I have heard from lay Catholics and pulpits alike that America fractured its founding and faithfulness because we became lazy in our faith, or left it behind all together. Indeed, I do believe this is true! For quite some time that error has been preached about and we've been called to prayer, especially to the Rosary once again. But, it leaves those faithful to praying wondering why their prayers aren't "working."

When are enough Rosaries enough to change the world? Am I praying enough? Is it because not enough Catholics are praying? Why am I wielding a sword of prayer, but not striking down any enemies? Why are answers not coming, or coming opposite of what I pray?

Even frustrated religious have admonished those who are praying that it isn't enough. It begins to fall into superstition and scrupulosity. This is something I ran away from in Evangelicalism, the idea that enough isn't enough.

When I was Assembly of God, we expected our effectual fervent prayers to accomplish much. We expected miracles and prophecies and changed hearts. While they refuted the health and wealth "gospel," enough of it seeped in that they did expect it. My family and I went through years of hardship and members of the church began the interrogation of whether or not the elusive "enough" to merit God's grace and favor (meaning, our chosen answer to our prayers) had been accomplished. To them, so long as we suffered, we were coming up short. We weren't praying enough. We weren't tithing enough. We weren't repentant of our sins enough. We didn't have enough faith. It was because my husband wasn't speaking in tongues, yet. Even a church deacon came up to my husband and I and said, "I don't understand why you're still going through this, because I'm praying."

I would cry out and agonize to God that I didn't know what else He wanted from me. It became a checklist where I'd check off every box only to have another appear. It was never enough. Then, we would face judgement and condemnation from the church in the method of them trying to figure out what those unchecked boxes were. I asked a local "on fire" evangelist and he basically said, "you're doing everything right (meaning: everything he told us to do during his crusade in our church). I don't know why God isn't answering your prayers."

This is why I am very wary of anyone in Catholicism harping on those who are praying that their prayers aren't enough because our desired results haven't come about.
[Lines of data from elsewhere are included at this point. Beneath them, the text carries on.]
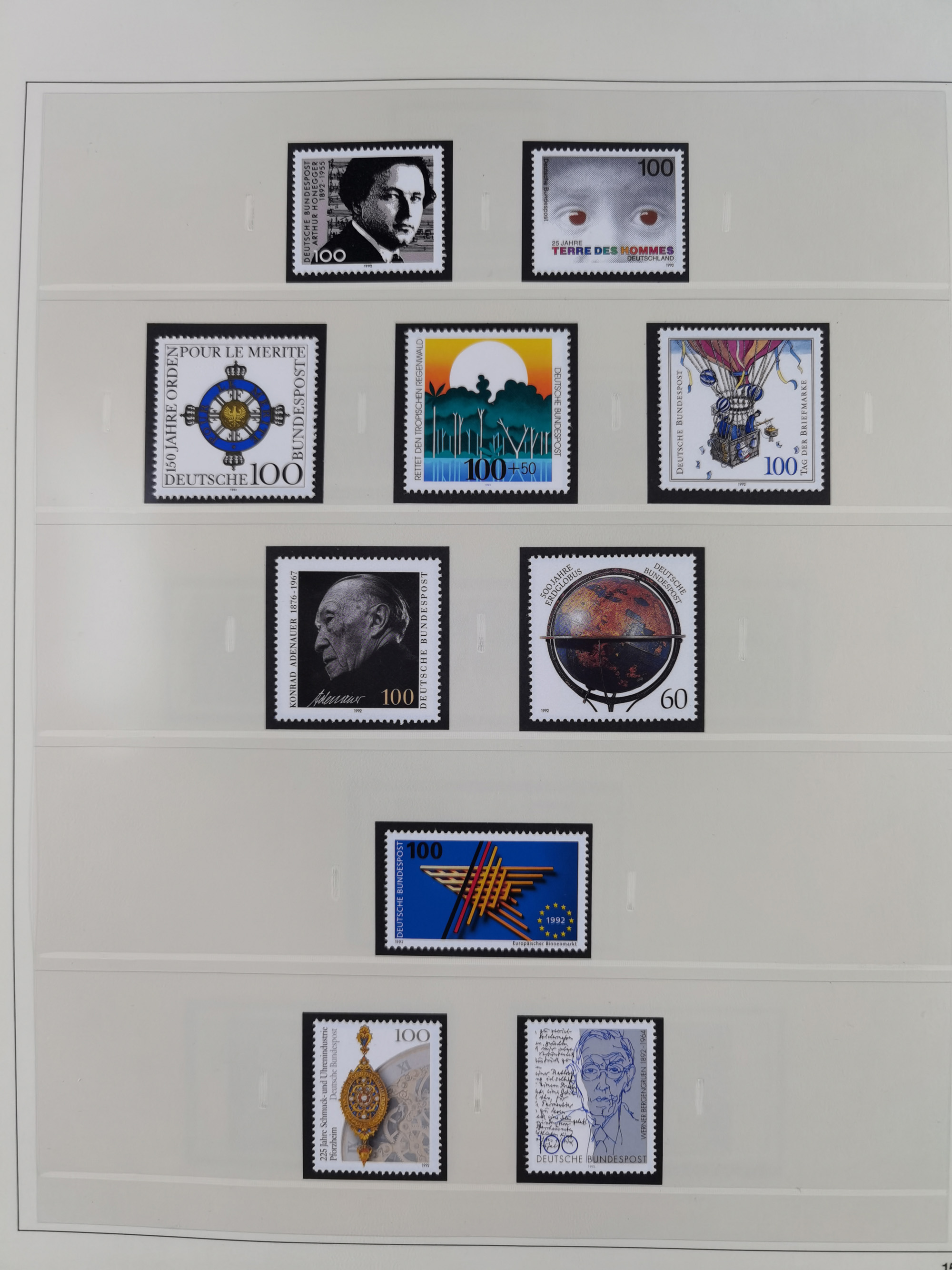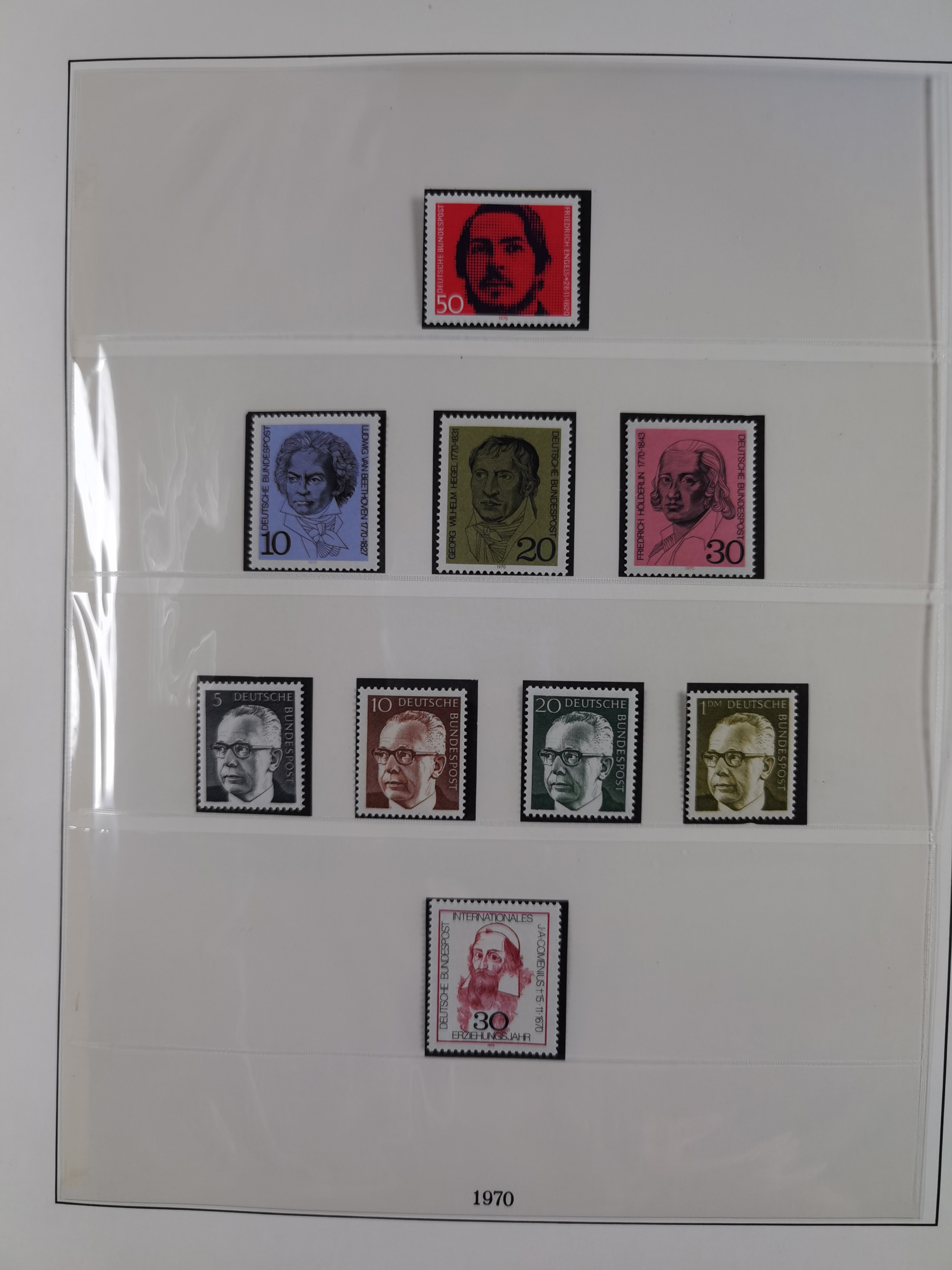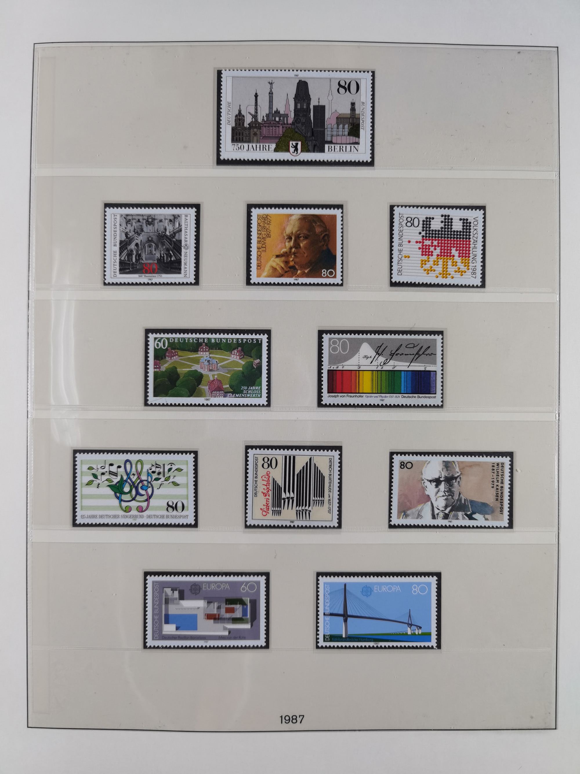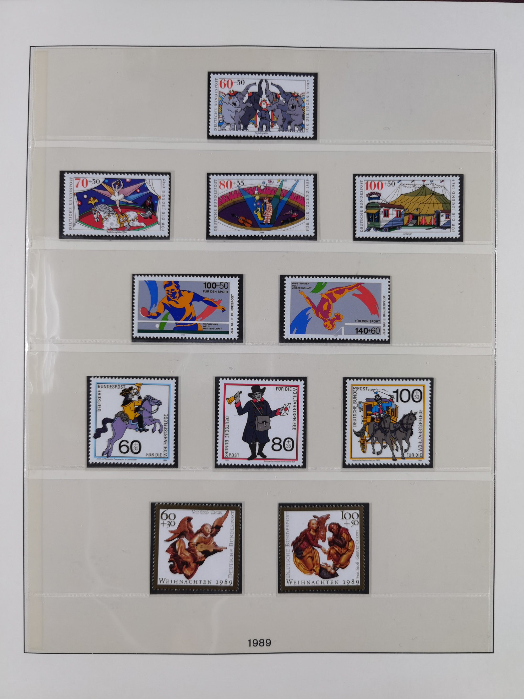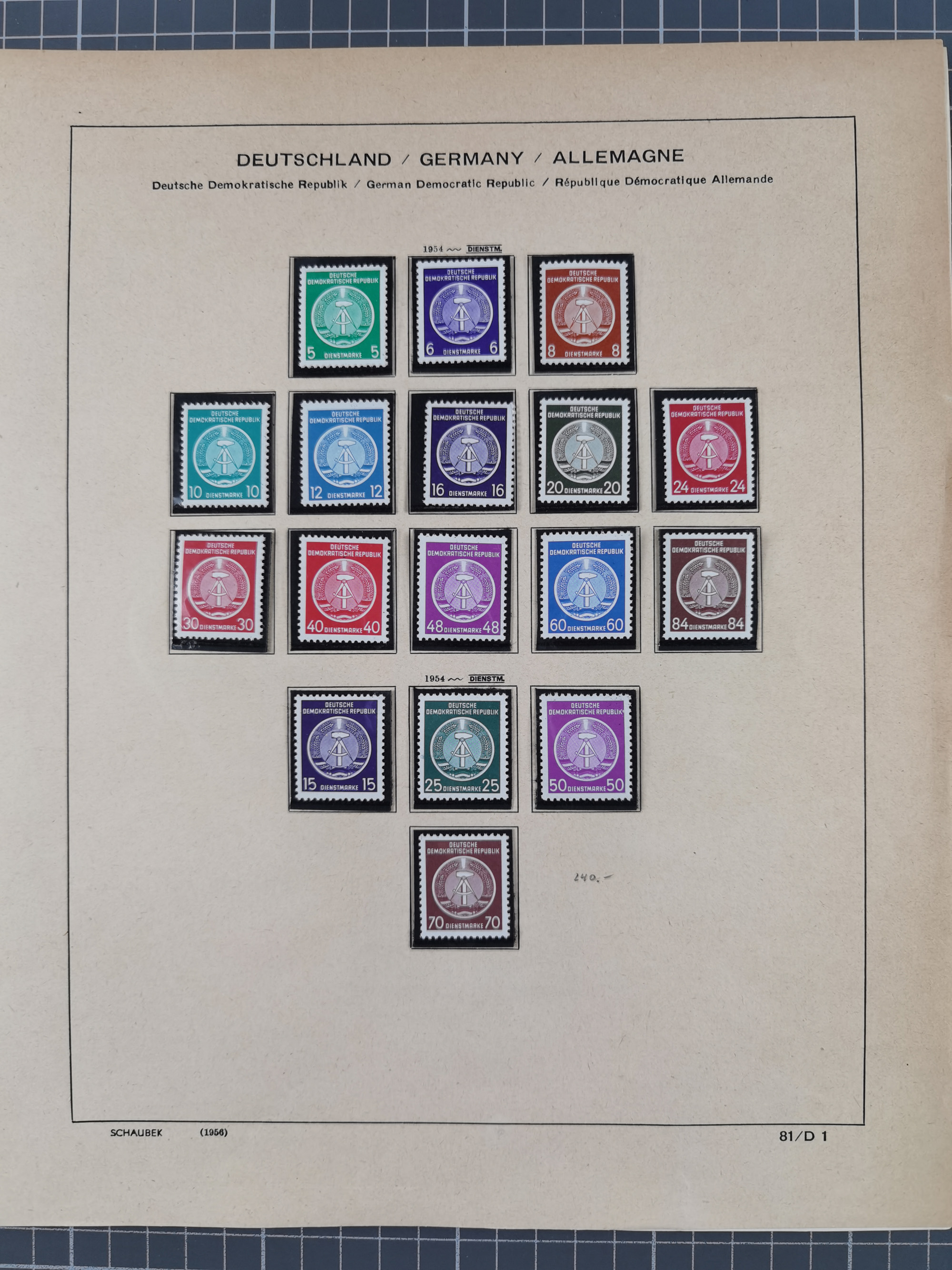1948/90, in den Hauptnummern bis 1960 komplette postfrische Sammlungen Berlin 1948-90 inkl. Schwarzaufdruck, Rotaufdruck sign. Dub und Block 1, Bundesrepublik 1949-72 inkl. Posthornsatz, sowie DDR 1949-71 inkl. ausgiebigen Teilen Zusammendrucke, es fehlen bei den späten modernen Ausgaben teils einzelne Werte oder Sätze, gute Erhaltung, Alben mit Lagerspuren, in 11 Vordruckalben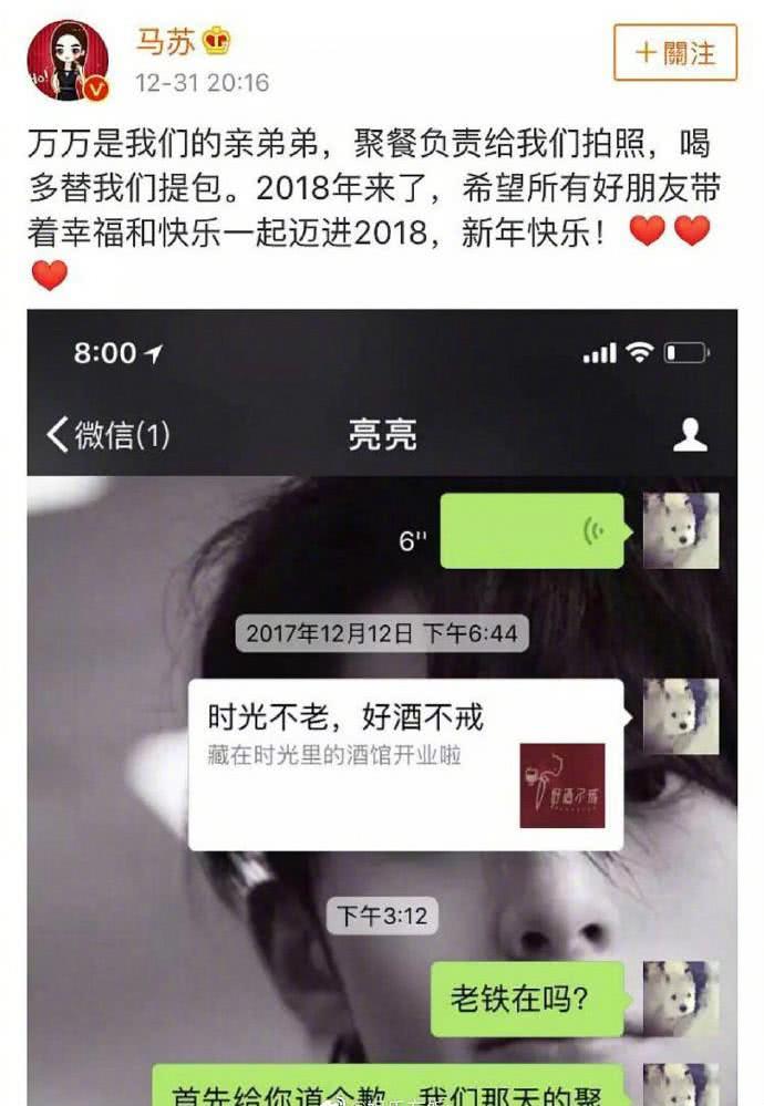 虽然只有短短一句话,但这6个字是真狠啊。很明显马苏也看到了今天网曝的李小璐和PGone的视频,还记得2年前那场风波,马苏还曾李小璐向贾乃亮解释,称“万万是我们的亲弟弟,聚餐负责给我们拍照,喝多替我们提包”,还晒出了向贾乃亮道歉的截图。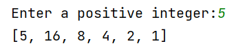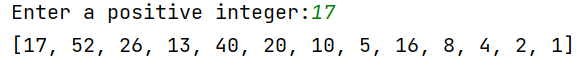 1 def collatz(n): 2 if n%2==0: 3 return n//2 4 else: 5 return n*3+1 6 7 try: 8 n=eval(input('Enter a positive integer:')) 9 if n<=0 or n !=int(n): 10 raise 11 12 except: 13 print('Error:must be a positive integer') 14 else: 15 lst=[n] 16 while n!=1: 17 n=collatz(n) 18 lst.append(n) 19 print(lst)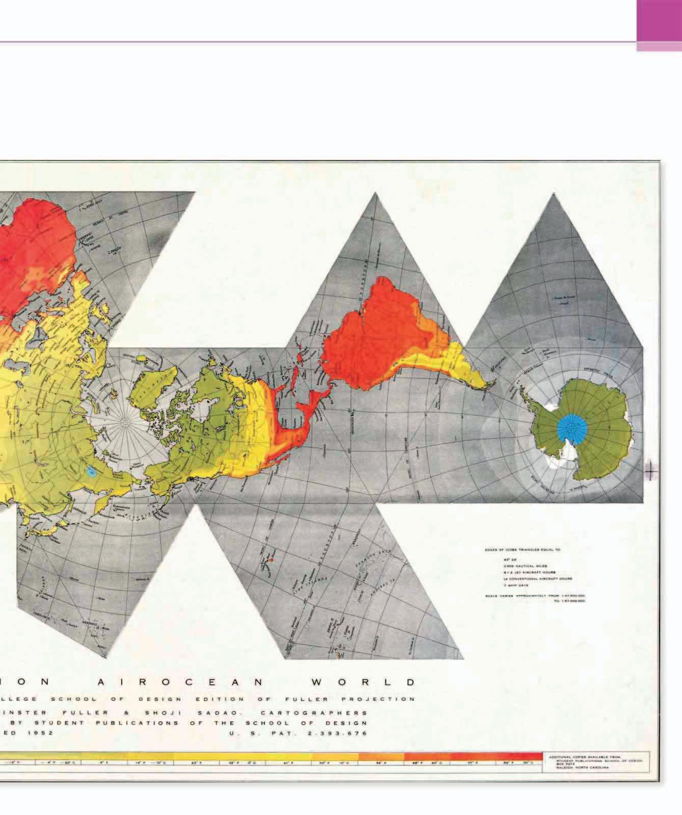 4 REDDEST AFRICA Compared with traditional maps, Africa looks “upside down,” but Fuller’s startling projection makes us realize that this is quite arbitrary. Its red hue is based on high temperature zones, although Fuller’s interest was more in how social patterns of migration and economic activity were defined by the coldness of a region, as opposed to its heat.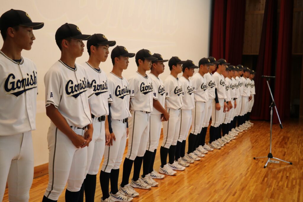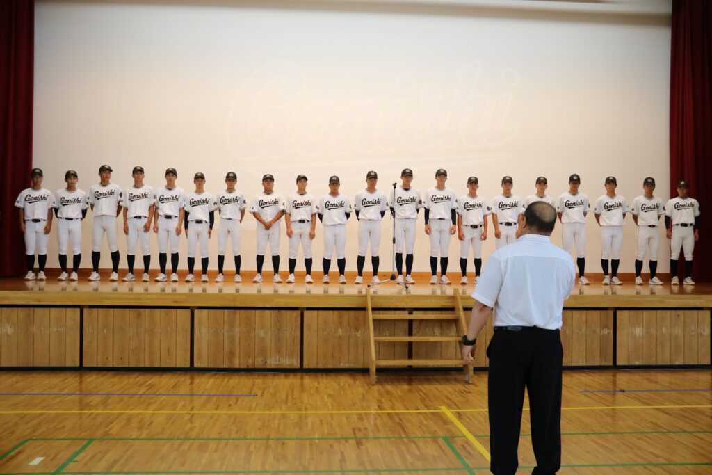 野球部監督の竹内先生から、主将の名波くんからそれぞれ決戦に向けた決意が語られました。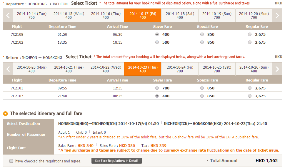 香港往返首爾只需$840起,連稅$1,565起,平過其他航空公司唔少,仲包20kg寄艙行李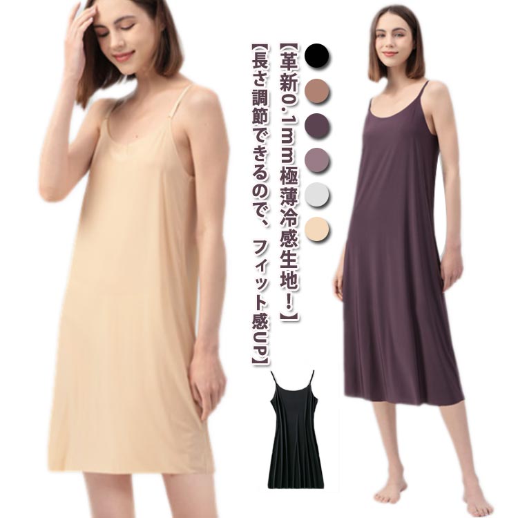 silk ひんやり冷感 0.1mm極薄ice きれいめ クールキャミスリップ インナー ワンピース キャミソールワンピース 重ね風 通勤 ノースリーブ
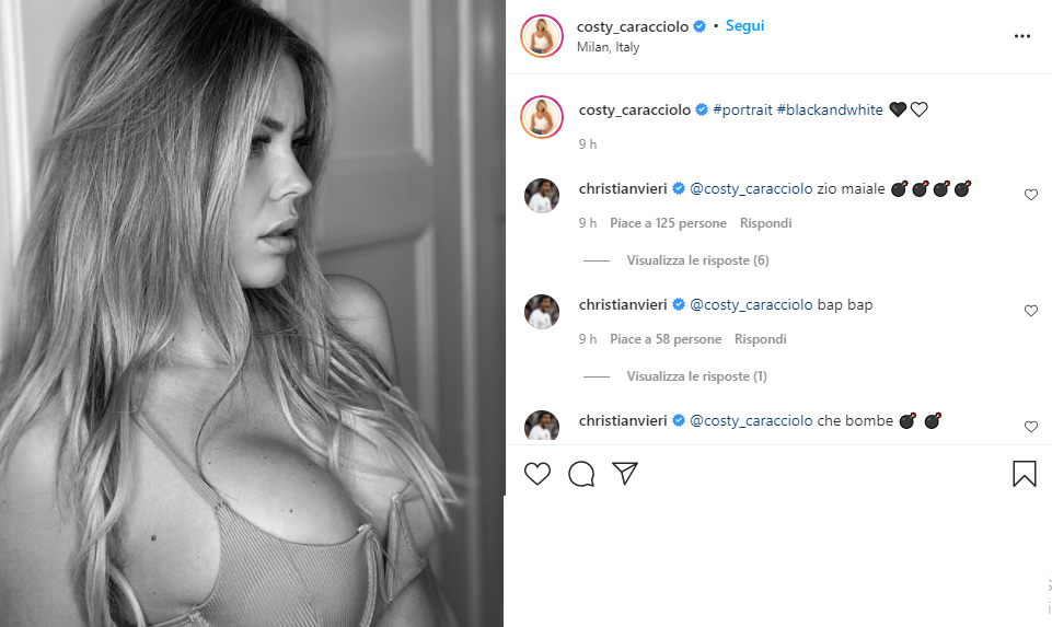 Scatena i fan di Instagram Costanza Caracciolo con la sua foto in bianco e nero. Tra i commenti, quelli di Bobo Vieri non passano inosservati.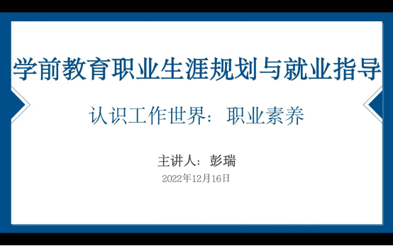 为不断深化产教融合、校企合作,满足学生就业需求和工作岗位的客观需要,人文与国际教育学院学前教育系于2022年12月16日-2022年12月20日,围绕《职业生涯规划与就业知道(二)》“探索工作世界”相关内容,对2021级本、专科共计426余名学生展开系类教学讲座。讲座由学前教育系栾博强副主任、学前教育系郭宇涵副主任、学前教育系教师王增智、王旭红、彭瑞、何伟、王璐露老师共同参与讲授。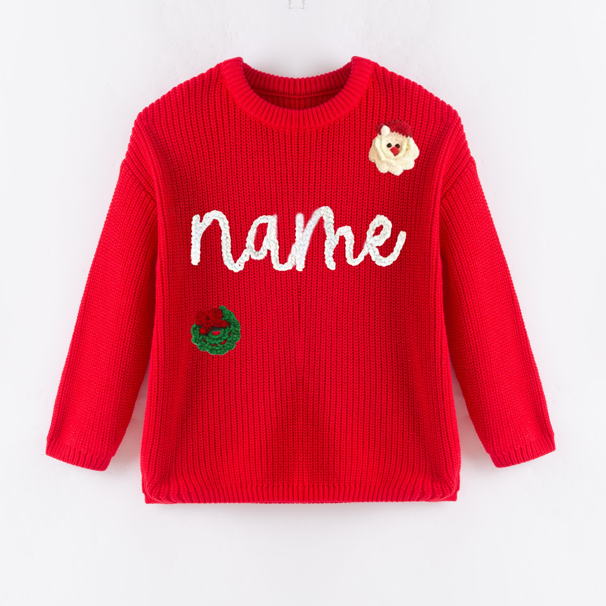 Cozy Oversize Custom Name Santa Embroidered Red Sweaters – Festive for Winter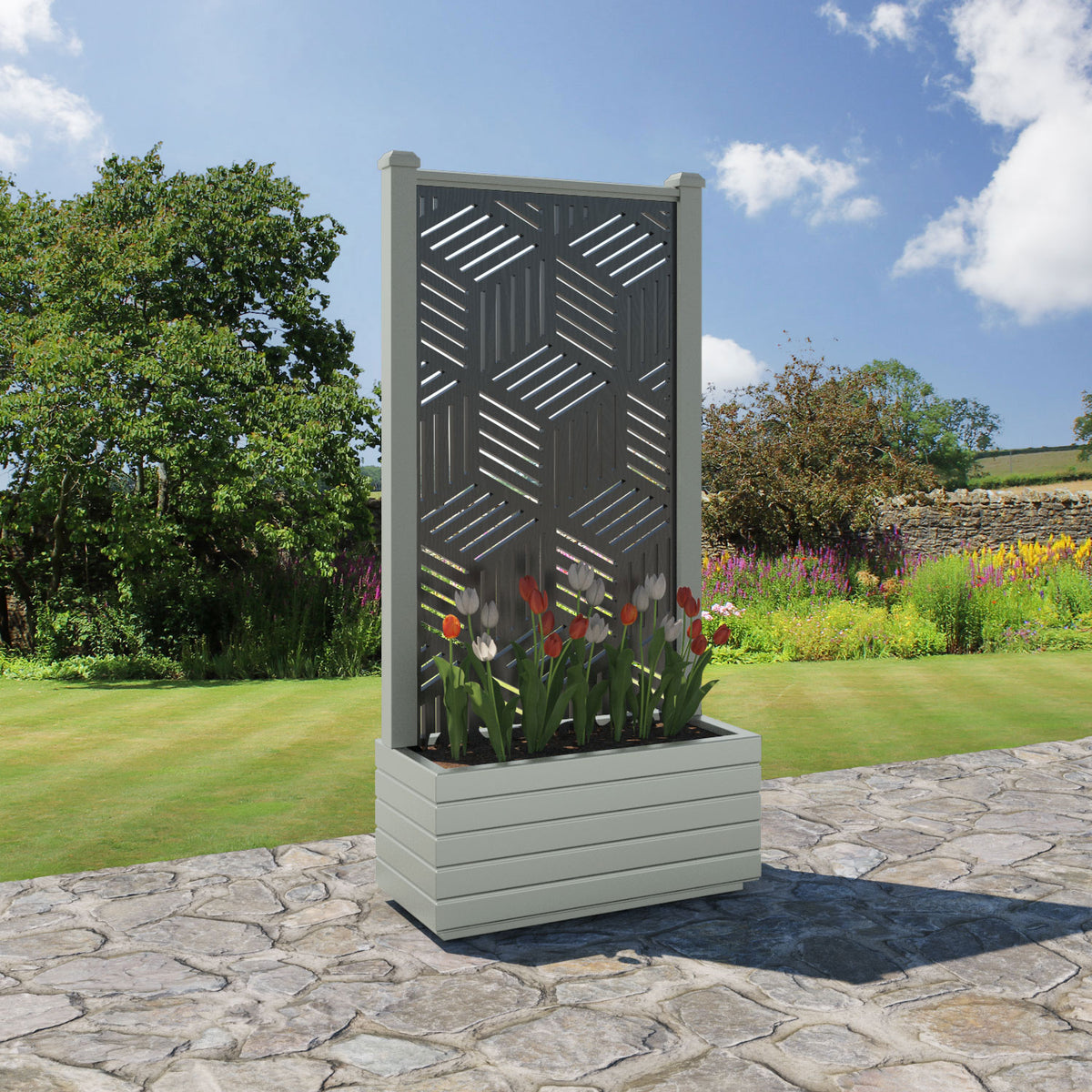 The planters are available in 6 different sizes and can be paired with any of our decorative screens that are available in 5 different colour options. The screens can be fixed at the back or in the centre of the planter. The centre option enables you to plant on both sides of the screen. They can also be ordered with a wheeled base for convenience, with lockable wheels for stability.

What if our prayed-for Trump doesn't win? What if our prayed-for battle against abortion only sees abortion increase?

I had posted before that this is a wheat and chaff time in the Church. I stand by that statement. I also believe that the Bible says it will get worse in the world. It will get worse, but the Remnant of the Church will get stronger. The Holy Catholic Church was perhaps strongest during the eras of the most prosecution. I don't mean politically or economically the strongest. I mean faithfully the strongest.

As our nation and world become more polarized, so will our Church. We already see it with a sort of modernist church and the so-called "Rad Trads." We have a portion of Catholics who want to move forward in the flow of the changing world, even to the point of women "priests" (women can't be priests. They may wear the vestments and go through the motions, but they will not be valid in the eyes and power of God, thus any Masses done by them will be false, and any Eucharist will just be snack time.) We have a portion of the Church that wants to rebuild the strength and faith of the traditional Church. That chasm between the two will only widen.

That doesn't mean that our prayers aren't being answered. If the faith of the true Catholic Church increases, even if just among the few faithful, that is answered prayer. We've ridden the comfortable wave of an overall Christianized culture. Now, that comfort is being put to the test. Wheat (true Catholics who actually believe in the dogma) or chaff (cultural Catholics who do not believe in the dogma).

Keep on praying. Pray faithfully. But, also pray that your eyes will be opened to the answering of the prayers and the workings of the Lord where it isn't blatantly obvious. After all, the suffering and questioning of the beliefs of the Assembly of God Church helped put me on the path Home to Rome.